EXTRACTED RECORDS ::
----

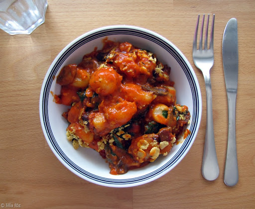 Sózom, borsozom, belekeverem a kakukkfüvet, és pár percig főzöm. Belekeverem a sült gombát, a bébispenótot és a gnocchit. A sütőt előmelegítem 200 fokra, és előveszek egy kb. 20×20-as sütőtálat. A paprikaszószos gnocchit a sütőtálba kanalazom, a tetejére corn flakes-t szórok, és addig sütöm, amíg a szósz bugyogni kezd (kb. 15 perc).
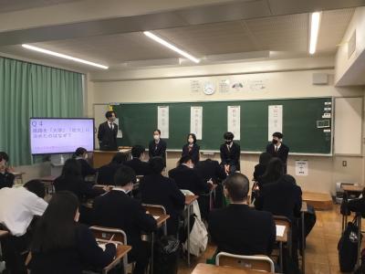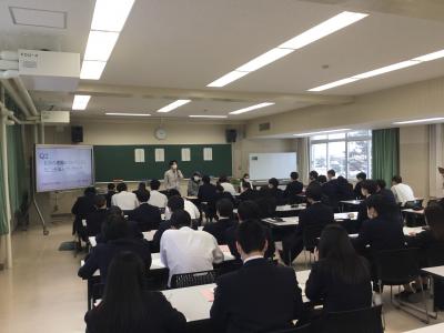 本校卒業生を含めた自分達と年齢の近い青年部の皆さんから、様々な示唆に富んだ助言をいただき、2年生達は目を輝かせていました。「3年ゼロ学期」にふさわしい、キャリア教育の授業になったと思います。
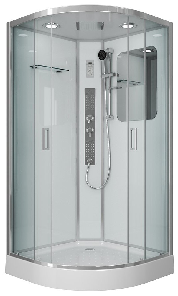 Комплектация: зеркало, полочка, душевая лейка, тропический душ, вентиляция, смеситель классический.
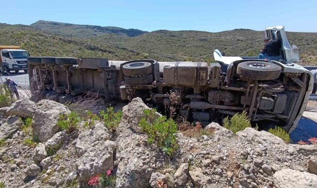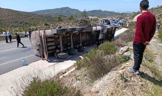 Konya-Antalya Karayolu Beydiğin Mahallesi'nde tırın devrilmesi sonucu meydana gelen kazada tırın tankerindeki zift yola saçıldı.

----

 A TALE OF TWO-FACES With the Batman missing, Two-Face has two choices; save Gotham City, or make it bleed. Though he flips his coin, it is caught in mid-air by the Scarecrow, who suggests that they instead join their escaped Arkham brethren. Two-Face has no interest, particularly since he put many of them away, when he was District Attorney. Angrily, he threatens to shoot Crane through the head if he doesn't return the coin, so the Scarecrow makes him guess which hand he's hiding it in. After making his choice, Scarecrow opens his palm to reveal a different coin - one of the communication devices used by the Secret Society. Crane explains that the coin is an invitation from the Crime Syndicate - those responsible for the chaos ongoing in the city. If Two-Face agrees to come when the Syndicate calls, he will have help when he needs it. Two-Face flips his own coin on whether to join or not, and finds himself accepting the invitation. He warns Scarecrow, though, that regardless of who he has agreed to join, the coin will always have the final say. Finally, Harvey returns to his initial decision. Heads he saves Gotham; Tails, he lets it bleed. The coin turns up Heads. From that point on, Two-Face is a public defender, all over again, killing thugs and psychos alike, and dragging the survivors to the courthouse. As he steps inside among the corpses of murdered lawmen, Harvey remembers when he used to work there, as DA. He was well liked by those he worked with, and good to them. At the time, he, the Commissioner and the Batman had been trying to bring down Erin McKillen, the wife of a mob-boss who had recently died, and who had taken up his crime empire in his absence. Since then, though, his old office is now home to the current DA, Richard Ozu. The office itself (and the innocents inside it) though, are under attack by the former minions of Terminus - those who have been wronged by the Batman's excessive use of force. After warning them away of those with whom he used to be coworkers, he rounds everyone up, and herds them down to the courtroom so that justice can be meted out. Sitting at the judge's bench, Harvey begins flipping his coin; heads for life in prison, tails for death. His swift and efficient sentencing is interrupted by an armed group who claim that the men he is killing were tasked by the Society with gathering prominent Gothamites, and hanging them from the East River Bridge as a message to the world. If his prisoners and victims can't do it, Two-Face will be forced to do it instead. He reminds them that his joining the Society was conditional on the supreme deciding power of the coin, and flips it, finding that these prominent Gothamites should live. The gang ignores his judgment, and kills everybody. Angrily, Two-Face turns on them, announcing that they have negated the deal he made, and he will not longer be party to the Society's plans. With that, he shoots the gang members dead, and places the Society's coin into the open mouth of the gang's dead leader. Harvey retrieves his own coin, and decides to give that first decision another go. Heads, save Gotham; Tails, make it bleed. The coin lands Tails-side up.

----

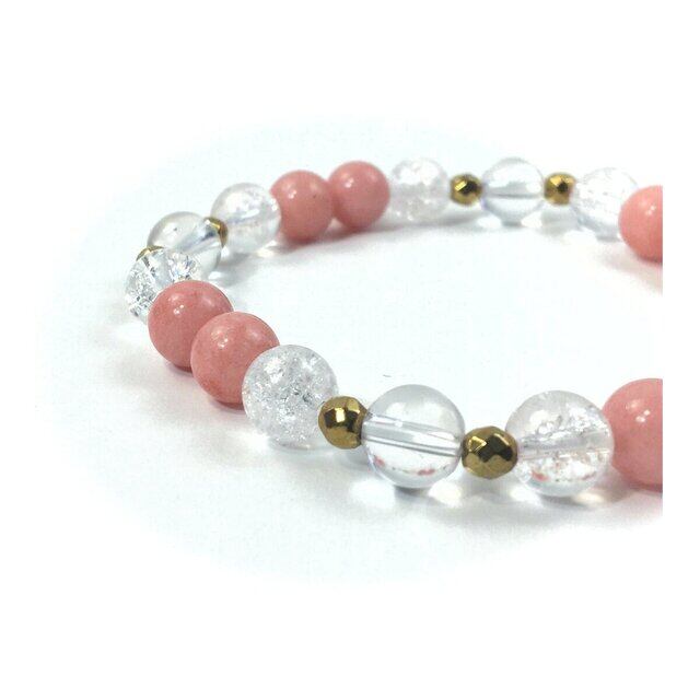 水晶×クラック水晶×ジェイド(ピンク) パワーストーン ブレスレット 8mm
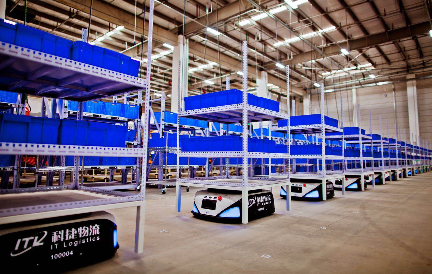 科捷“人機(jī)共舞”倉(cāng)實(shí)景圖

----

TASK ITEM :: All that should appear in the answer is the lines above from the line with "Sózom, borsozom, belekeverem" through the line with "Konya-Antalya Karayolu Beydiğin", retyped exactly, pictures left out.

RESULT OF THE EXERCISE ::
 Sózom, borsozom, belekeverem a kakukkfüvet, és pár percig főzöm. Belekeverem a sült gombát, a bébispenótot és a gnocchit. A sütőt előmelegítem 200 fokra, és előveszek egy kb. 20×20-as sütőtálat. A paprikaszószos gnocchit a sütőtálba kanalazom, a tetejére corn flakes-t szórok, és addig sütöm, amíg a szósz bugyogni kezd (kb. 15 perc).
 本校卒業生を含めた自分達と年齢の近い青年部の皆さんから、様々な示唆に富んだ助言をいただき、2年生達は目を輝かせていました。「3年ゼロ学期」にふさわしい、キャリア教育の授業になったと思います。
 Комплектация: зеркало, полочка, душевая лейка, тропический душ, вентиляция, смеситель классический.
 Konya-Antalya Karayolu Beydiğin Mahallesi'nde tırın devrilmesi sonucu meydana gelen kazada tırın tankerindeki zift yola saçıldı.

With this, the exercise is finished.